12.8.5 Information is maintained about which PCI DSS requirements are managed by each TPSP, which are managed by the entity, and any that are shared between the TPSP and the entity

Defined Approach Requirements

12.8.5 Information is maintained about which PCI DSS requirements are managed by each TPSP, which are managed by the entity, and any that are shared between the TPSP and the entity.

Customized Approach Objective

Records detailing the PCI DSS requirements and related system components for which each TPSP is solely or jointly responsible, are maintained and reviewed periodically.

Defined Approach Testing Procedures

12.8.5.a Examine policies and procedures to verify that processes are defined to maintain information about which PCI DSS requirements are managed by each TPSP, which are managed by the entity, and any that are shared between both the TPSP and the entity.

12.8.5.b Examine documentation and interview personnel to verify the entity maintains information about which PCI DSS requirements are managed by each TPSP, which are managed by the entity, and any that are shared between both entities.

Purpose

It is important that the entity understands which PCI DSS requirements and sub-requirements its TPSPs have agreed to meet, which requirements are shared between the TPSP and the entity, and for those that are shared, specifics about how the requirements are shared and which entity is responsible for meeting each sub-requirement.

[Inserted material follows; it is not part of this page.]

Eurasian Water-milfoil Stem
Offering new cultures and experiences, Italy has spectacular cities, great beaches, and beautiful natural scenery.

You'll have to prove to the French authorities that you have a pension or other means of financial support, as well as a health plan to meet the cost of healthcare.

Without this shared understanding, it is inevitable that the entity and the TPSP will assume a given PCI DSS sub-requirement is the responsibility of the other party, and therefore that sub-requirement may not be addressed at all.

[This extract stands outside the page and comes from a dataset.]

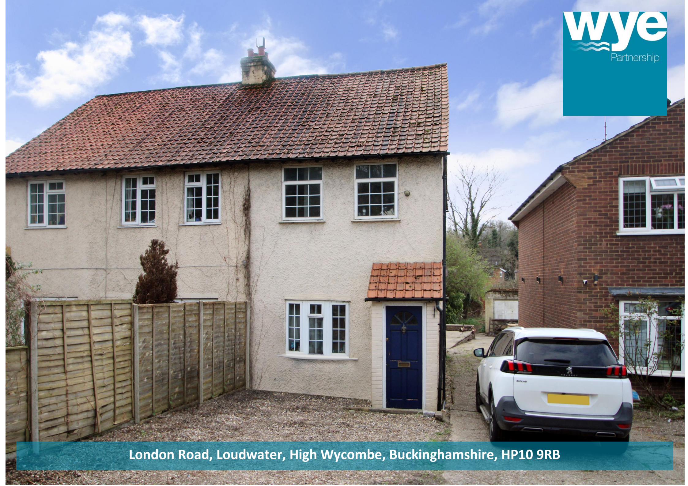
London Road, Loudwater, High Wycombe, Buckinghamshire, HP10 9RB
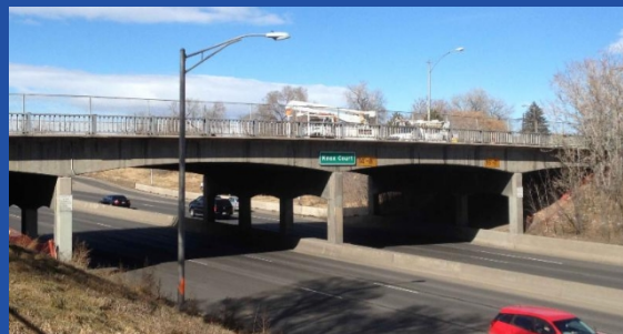
Knox Court bridge over US 6

At its core, this is a multiple-bridge replacement project with the primary function of improving safety and efficiency of travel on US 6, one of the region's busiest highways. The project is set to replace six bridges, each having been identified as either functionally obsolete or structurally deficient. These six bridges include:

The specific information an entity maintains will depend on the particular agreement with their providers, the type of service, etc. TPSPs may define their PCI DSS responsibilities to be the same for all their customers; otherwise, this responsibility should be agreed upon by both the entity and TPSP.

Good Practice

Entities can document these responsibilities via a matrix that identifies all applicable PCI DSS requirements and indicates for each requirement whether the entity or TPSP is responsible for meeting that requirement or whether it is a shared responsibility. This type of document is often referred to as a responsibility matrix.

It is also important for entities to understand whether any TPSPs have "nested" relationships with other TPSPs, meaning the primary TPSP contracts with another TPSP(s) for the purposes of providing a service. It is important to understand whether the primary TPSP is relying on the secondary TPSP(s) to achieve overall compliance of a service, and how the primary TPSP is monitoring performance of the service and the PCI DSS compliance status of the secondary TPSP(s). Note that it is the responsibility of the primary TPSP to manage and monitor any secondary TPSPs.

Further Information

Refer to Information Supplement: Third-Party Security Assurance for a sample responsibility matrix template.